SaulLM-54B & SaulLM-141B: Scaling Up Domain Adaptation for the Legal Domain
Pierre Colombo, Telmo Pires, Malik Boudiaf, Rui Melo, Dominic Culver, Sofia Morgado, Etienne Malaboeuf, Gabriel Hautreux, Johanne Charpentier, Michael Desa
TL;DR
SaulLM-54B and SaulLM-141B address the challenge of domain adaptation for the legal domain by scaling model size and corpus and by a holistic adaptation pipeline. The authors train $54$B and $141$B Mixture-of-Experts models on a base legal corpus exceeding $500$B tokens, then apply instruction fine-tuning with legal data and preference alignment using synthetic data, releasing base, instruct, and aligned variants under MIT. They report state-of-the-art performance on LegalBench-Instruct and strong performance on Legal-MMLU compared with GPT-4, Llama3, and Mixtral baselines, while highlighting the value of continued pretraining, legal data, and DPO. The work also analyzes scalability and energy consumption, and discusses limitations related to reproducibility and reliance on proprietary datasets for alignment, offering insights for future domain-adaptation research.
Abstract
In this paper, we introduce SaulLM-54B and SaulLM-141B, two large language models (LLMs) tailored for the legal sector. These models, which feature architectures of 54 billion and 141 billion parameters, respectively, are based on the Mixtral architecture. The development of SaulLM-54B and SaulLM-141B is guided by large-scale domain adaptation, divided into three strategies: (1) the exploitation of continued pretraining involving a base corpus that includes over 540 billion of legal tokens, (2) the implementation of a specialized legal instruction-following protocol, and (3) the alignment of model outputs with human preferences in legal interpretations.

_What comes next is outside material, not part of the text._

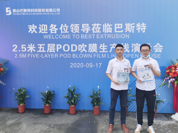 今日,佛山巴斯特科技股份有限公司(以下簡稱“巴斯特”)2.5米5層POD吹膜生產(chǎn)線演示會在巴斯特工廠裝配車間隆重舉行。
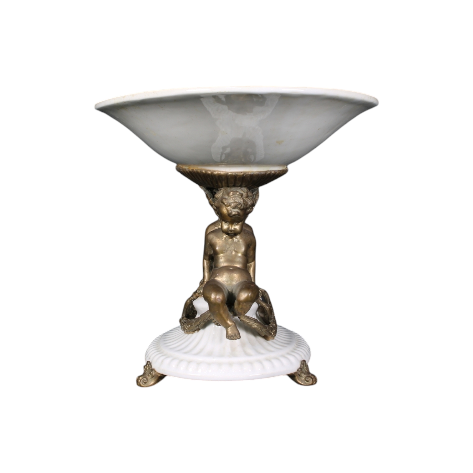 CENTROTAVOLA in porcellana bianca decorata da due putti alati in bronzo Francia XX secolo h cm 27 x 40 x 26,5

The integration of synthetically generated data in the second and third steps enhances the models' capabilities in interpreting and processing legal texts, effectively reaching state-of-the-art performance and outperforming previous open-source models on LegalBench-Instruct. This work explores the trade-offs involved in domain-specific adaptation at this scale, offering insights that may inform future studies on domain adaptation using strong decoder models. Building upon SaulLM-7B, this study refines the approach to produce an LLM better equipped for legal tasks. We are releasing base, instruct, and aligned versions on top of SaulLM-54B and SaulLM-141B under the MIT License to facilitate reuse and collaborative research.